What to produce: Nothing but an exact repeat of the data, with pictures removed, belongs in the answer.

Source data:
• • • •

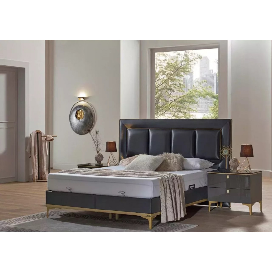 Кровать (база) без спинки CARLINO, щитовой конструкции на декоративных ножках c подъемным жестким основанием под матрас. Щитовой каркас кровати плита ЛДСП т.18мм, дно плита МДФ 6мм. Каркас обит поролоном, винилискожей двух цветов, основного цвета и в нижней части обивка винилискожа контрастного золотого цвета.  Жесткое основание кровати рамочной металлической конструкции на основе трубы профильной размером 20х30,20х20 с подъемным механизмом. Настил основания поролон т.3мм, основание обито тканью. Сборка каркаса базы на шкант, скобу металлическую, уголок пластмассовый. Подъемный механизм устанавливается при помощи винтов и винтов с гайками. Ножки кровати пластмассовые, четыре ножки декоративные, шесть опорных круглых ножек, ввинчивающихся для двойных баз. На дно базы устанавливается аэратор пластмассовый с логотипом Bellona для    кондиционирования воздуха. Ручка -держатель для подъемного основания металлическая.
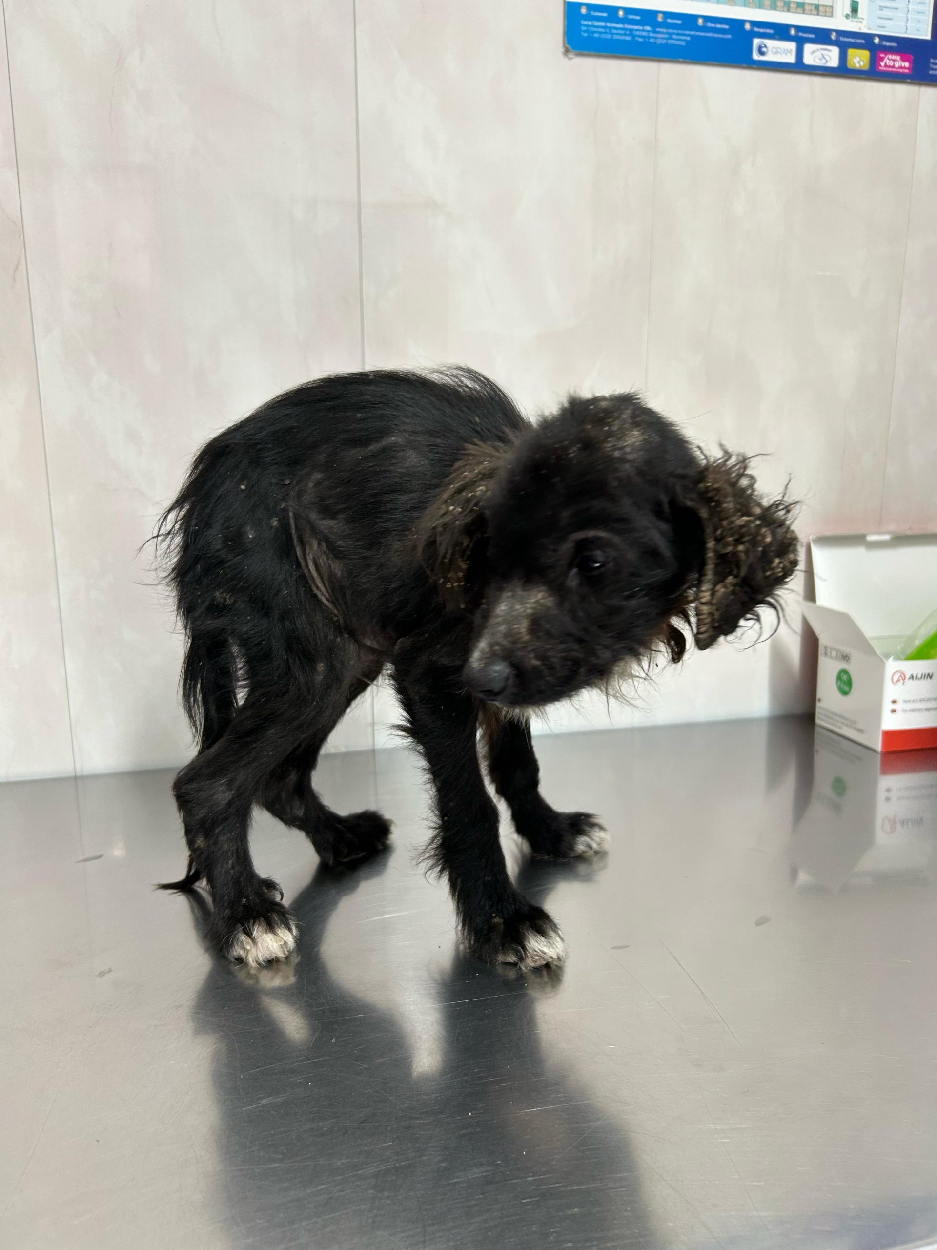 en Tierärztin im Shelter kastrierten wir die Hunde, die wir für eine Ausreise nach Deutschland reserviert hatten. Währenddessen entdeckten wir zwei weitere schwer kranke Welpen, die wir sofort in die Klinik gebracht haben. Einer davon war Rudi, ein völlig abgemagerter Welpe mit einem schlimmen Milbenbefall. Die andere Hündin, deren Geschwister bereits verstorben waren, nannten wir Fiona. Leider wurde sie in der Klinik positiv auf Parvo und Canines Coronavirus getestet. Trotz aller Bemühungen der engagierten Tierärzte in der Klinik hat sie den Kampf letztendlich nicht überstanden (Update: Rudi (Foto unten) hat überlebt und konnte erfolgreich vermittelt werden).
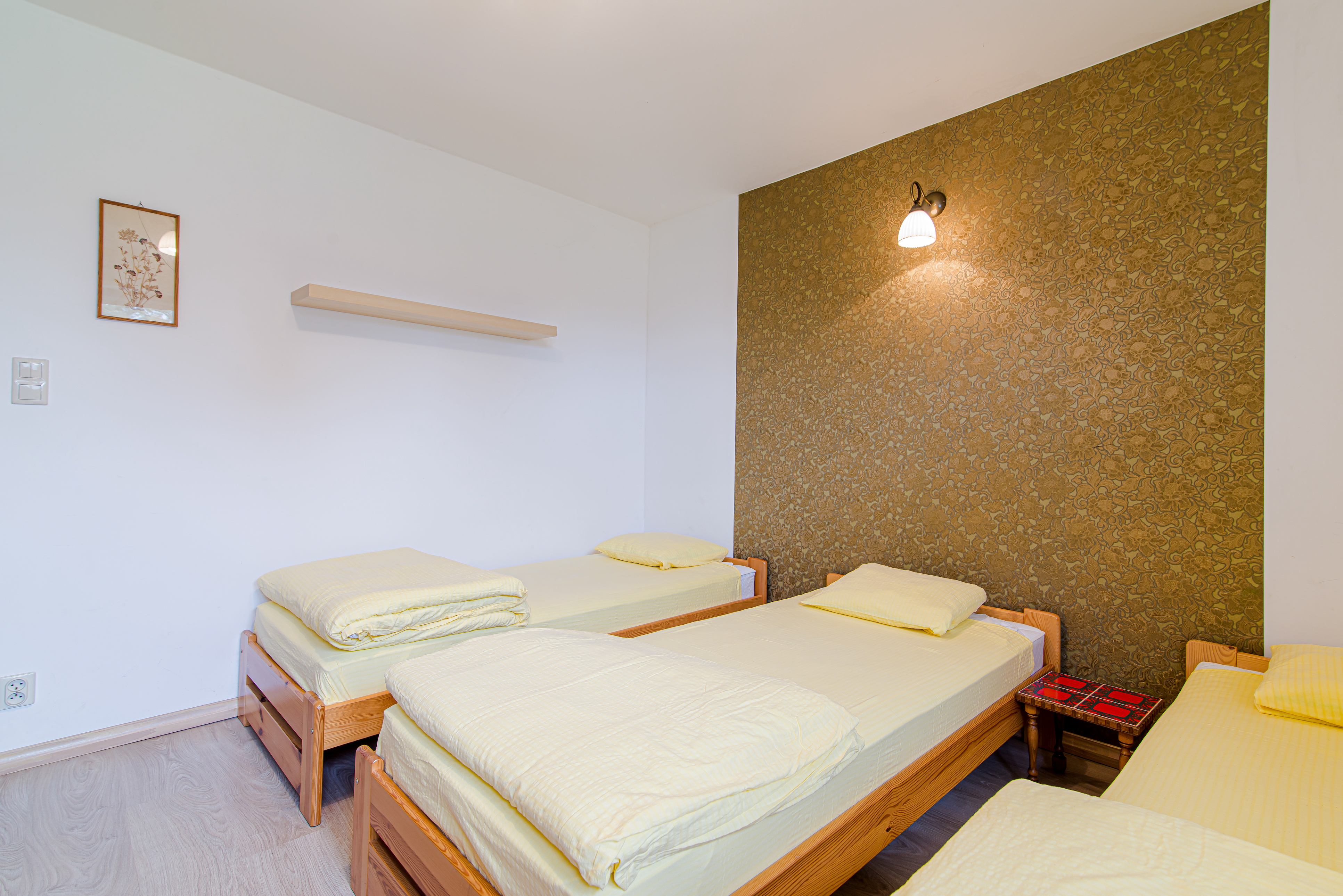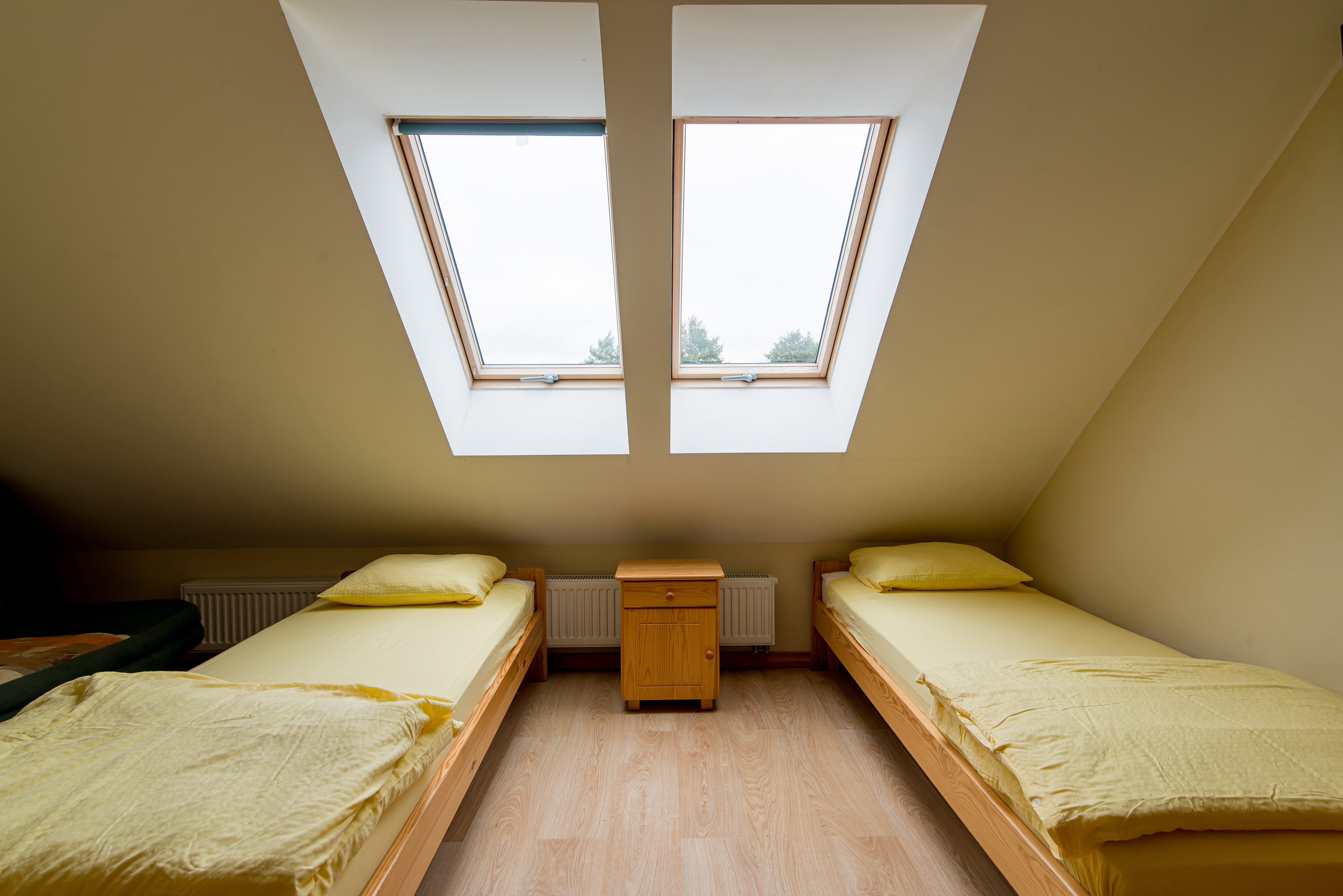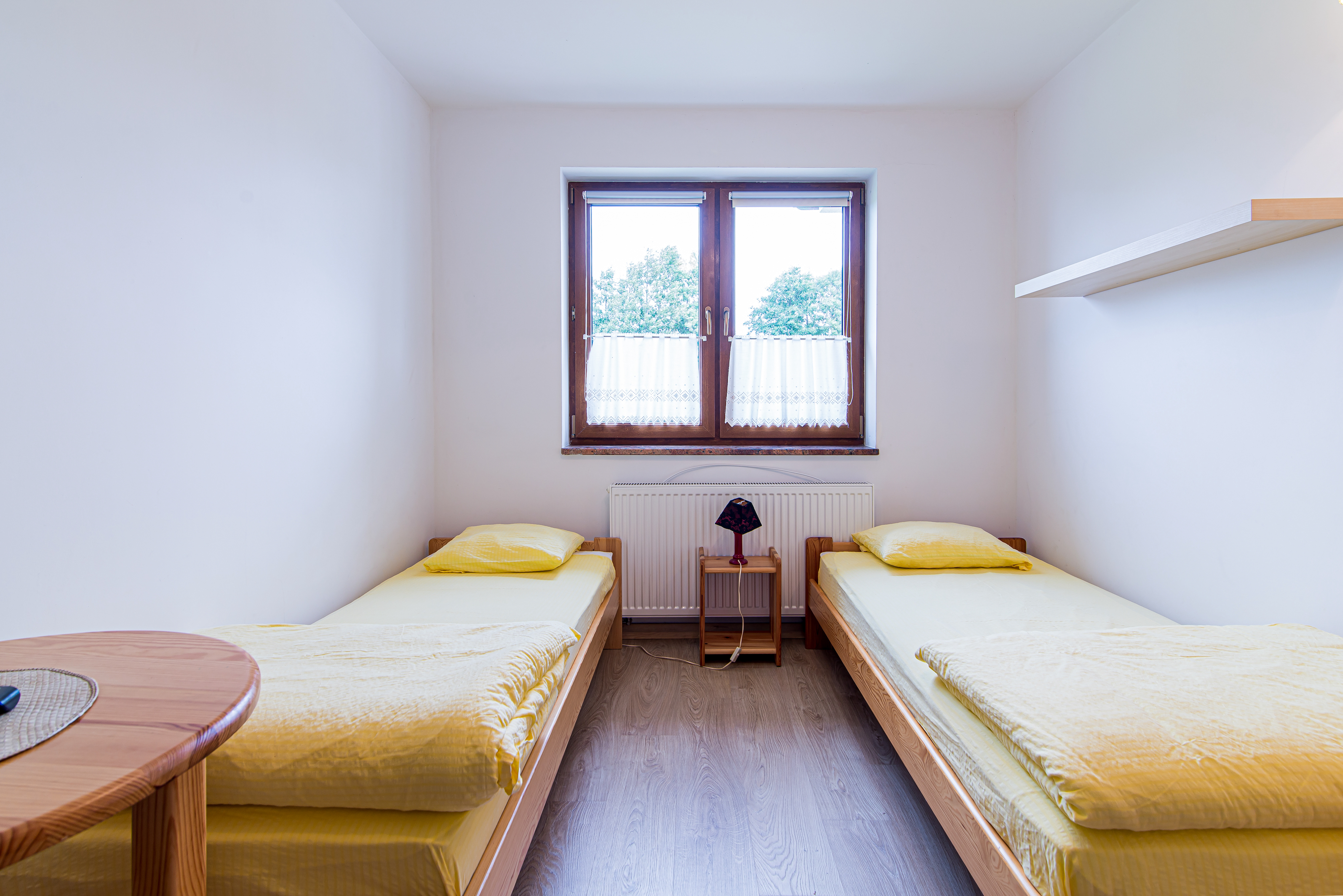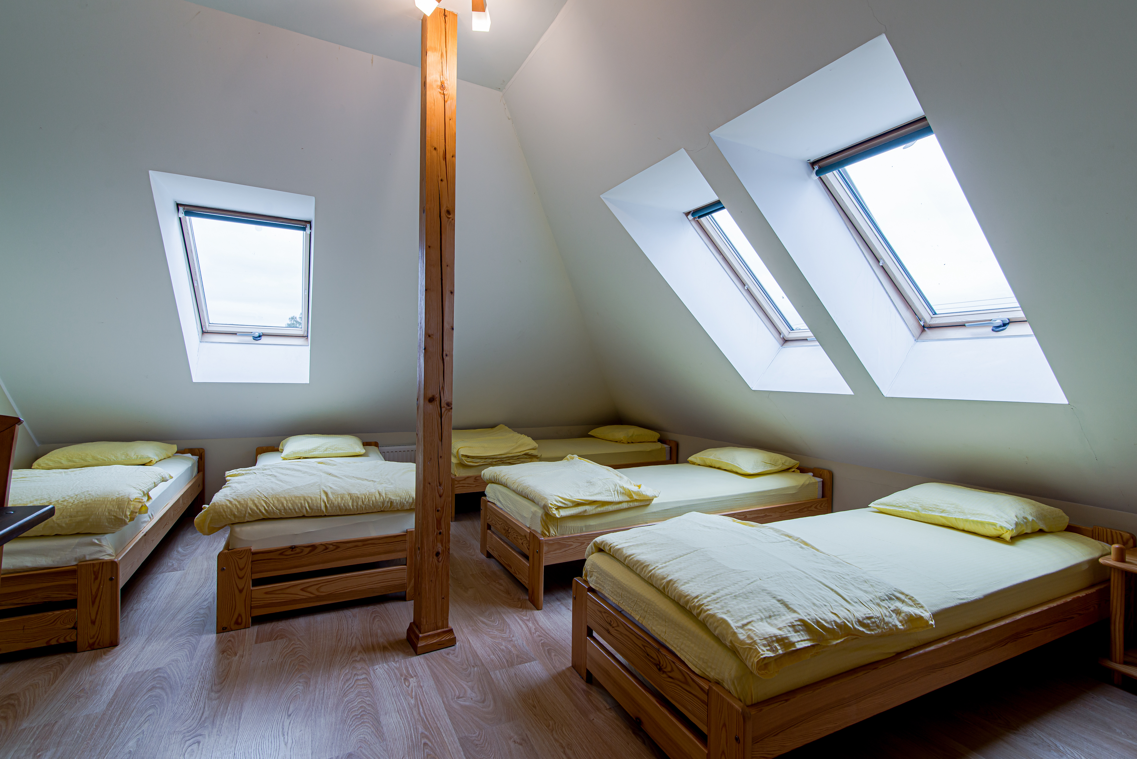 PIĘTRO: Przytulne pokoje: 2, 3, 4, 5 osobowe, każdy z własną łazienką z prysznicem. W każdym pokoju znajduje się telewizor ledowy, szafa na ubrania, lustro, krzesła i stolik. Do wspólnego użytku w holu znajduje się sofa i fotele wypoczynkowe oraz balkon, czajnik elektryczny, żelazko, deska do prasowania, suszarka do włosów.

• • • •

Solution:
 Кровать (база) без спинки CARLINO, щитовой конструкции на декоративных ножках c подъемным жестким основанием под матрас. Щитовой каркас кровати плита ЛДСП т.18мм, дно плита МДФ 6мм. Каркас обит поролоном, винилискожей двух цветов, основного цвета и в нижней части обивка винилискожа контрастного золотого цвета.  Жесткое основание кровати рамочной металлической конструкции на основе трубы профильной размером 20х30,20х20 с подъемным механизмом. Настил основания поролон т.3мм, основание обито тканью. Сборка каркаса базы на шкант, скобу металлическую, уголок пластмассовый. Подъемный механизм устанавливается при помощи винтов и винтов с гайками. Ножки кровати пластмассовые, четыре ножки декоративные, шесть опорных круглых ножек, ввинчивающихся для двойных баз. На дно базы устанавливается аэратор пластмассовый с логотипом Bellona для    кондиционирования воздуха. Ручка -держатель для подъемного основания металлическая.
 en Tierärztin im Shelter kastrierten wir die Hunde, die wir für eine Ausreise nach Deutschland reserviert hatten. Währenddessen entdeckten wir zwei weitere schwer kranke Welpen, die wir sofort in die Klinik gebracht haben. Einer davon war Rudi, ein völlig abgemagerter Welpe mit einem schlimmen Milbenbefall. Die andere Hündin, deren Geschwister bereits verstorben waren, nannten wir Fiona. Leider wurde sie in der Klinik positiv auf Parvo und Canines Coronavirus getestet. Trotz aller Bemühungen der engagierten Tierärzte in der Klinik hat sie den Kampf letztendlich nicht überstanden (Update: Rudi (Foto unten) hat überlebt und konnte erfolgreich vermittelt werden).
 PIĘTRO: Przytulne pokoje: 2, 3, 4, 5 osobowe, każdy z własną łazienką z prysznicem. W każdym pokoju znajduje się telewizor ledowy, szafa na ubrania, lustro, krzesła i stolik. Do wspólnego użytku w holu znajduje się sofa i fotele wypoczynkowe oraz balkon, czajnik elektryczny, żelazko, deska do prasowania, suszarka do włosów.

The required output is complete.